The catalytic mechanism employed by PLs (Figure 2) can be broadly described as consisting of three events: (i) abstraction of the C-5 proton on the sugar ring of a uronic acid or ester by a basic amino acid side chain, (ii) stabilization of the resulting anion by charge delocalization into the C-6 carbonyl group, and (iii) lytic cleavage of the O-4:C-4 bond, facilitated by proton donation from a catalytic acid, to yield a hexenuronic acid (or ester) moiety at the newly formed non-reducing chain end [1,13]. Depending on the monosaccharide composition of the substrate and its conformation in the PL active site, the proton removed from C-5 and the departing oxygen on C-4 may lie either syn or anti to each other. This, in turn, imposes certain requirements on the position of active site groups and the possibilities for a stepwise or concerted elimination reaction (Figures 2A and 2B). Polysaccharide recognition in PLs is often dependent on the interaction of tightly held bivalent cations (often Ca2+), or positively charged amino acid side chains, with uronic acid groups in the substrate. Such cations may play an additional role in stabilizing the transient anion in the reaction pathway. The extent to which these molecular events are concerted, as well as the nature and individual contributions of the catalytic groups, in the mechanisms of specific enzymes have not been fully clarified, although significant advances have been made in a few cases (see [14,15] and references therein). Detailed structural information on the catalytic modules of PLs has been previously published .

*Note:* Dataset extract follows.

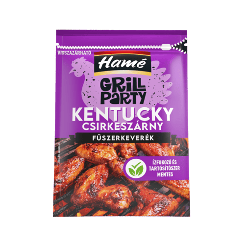 A Hamé Grill Kentucky csirkeszárnyak fűszerkeverék a grill- és sütőételek ízesítésére készült. Kifejezetten csirkeszárnyakhoz, de más húsételekhez is használható.

In common with GHs, PLs frequently have multi-modular structures, in which the catalytic module can be appended to a variable number of ancillary modules such as CBMs (carbohydrate-binding modules) [17,18], other catalytic modules or modules with other functions (see below). Interestingly, many non-catalytic modules borne by PLs may also be appended to GHs. Following a full dissection of their modular organization, we have grouped the PLs into amino acid sequence-based families to provide a framework for structural and mechanistic studies. In the present paper we describe a hierarchical classification of PLs including subfamilies, families and clans/superfamilies, and we discuss the value of these levels for genome mining and functional prediction. This classification is implemented in the CAZy (Carbohydrate-Active Enzymes) Database (http://www.cazy.org) .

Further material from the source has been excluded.